In both cases, I was right. It’s not OK to run anyone into the street, although one damning feature of White privilege is a predilection for running people of color off sidewalks. It’s not OK to stop anyone from parking in a legal public parking spot, but I understand I looked bad expressing my disdain for both transgressions.
These are occasional flashes of anger, directed at those insensitive enough to do me or my loved ones wrong and draw my ire. A few years ago I made a decision to let it all out, to not swallow the fire but to let it burn others. There is something really liberating about expressing anger. There are so many feelings a generally composed, polite, private school-educated, Christian, self-help obsessed, golden-rule charged, person like me suppresses. I don’t do jealousy, having recognized it as a product of my own insecurities. Low self-esteem: I have tried to chuck along with the narcissism that powers it. Loneliness, I don’t wallow in. I either initiate new social situations and meet new people, or spend quality time with old friends and family. With all of this high-minded restraint, I felt like I’d edited myself into a ball of blah, lost all dynamic range—no lows, no highs. So I recovered them—until I got hit with the back draft.
The blow back of being Black, woman, and angry, is that the anger serves no purpose other than reaffirming the stereotype that Black women are angry. I don’t want to be Kita or Monique from “The T.O. Show.” I don’t want to be Rochelle from “Everybody Hates Chris.” I just want to be a woman with some moments of frailty. I don’t have the stamina to always stay above the fray and I work out six days a week. I just want to be myself.

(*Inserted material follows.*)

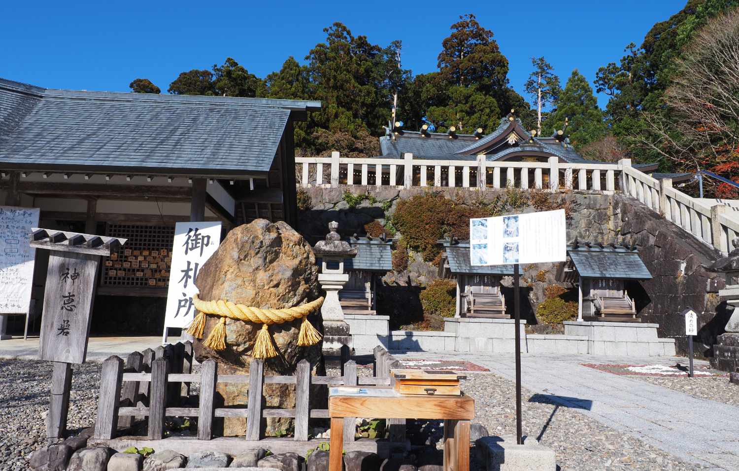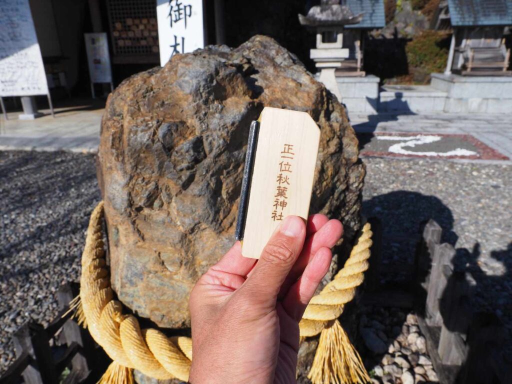 食堂を兼ねる社務所の上の頂上に本殿がある。その前に注連縄がまかれた「神恵岩」が鎮座している。そなえつけの火打ち金で岩をたたくと線香花火のような火花が散った。

I decided against anger as a tween. I was reading Ecclesiastes for church school, and there was something in there about anger being futile. In fact, I think Ecclesiastes charged all things as futile, but anger’s indictment stuck with me. I’d witnessed anger eat folks up and stress them out. I wanted to be happy, still do, and I see anger as being an impediment to that Mary J. Bligian goal, not because it will eat me up inside—I feel light as a feather after I regulate those in need of regulation—but because it will reduce me to a stale type.
Negresses ain’t perfect, and this one is always trying to be better—but I can’t win for occasional losing it, and that kind of pisses me off. I understand anger is unproductive, but its cathartic. And every now and then there are things I need to expel, to get off my chest, to get out of my heart, so I can breathe. But I’m retiring that part of me. I’m going to hold onto the umbrella because it does a great job of protecting my flat-ironed hair—but I’ll no longer be using it as an instrument of harm. I’ll try not to weaponize my words either. I don’t see it working for me. I’ve picked up running so I can pound it all out on pavement—decimating my gimpy knees, and disproving both the “Angry Black Woman” and “Black Women Don’t Run” stereotypes with singular stony intent.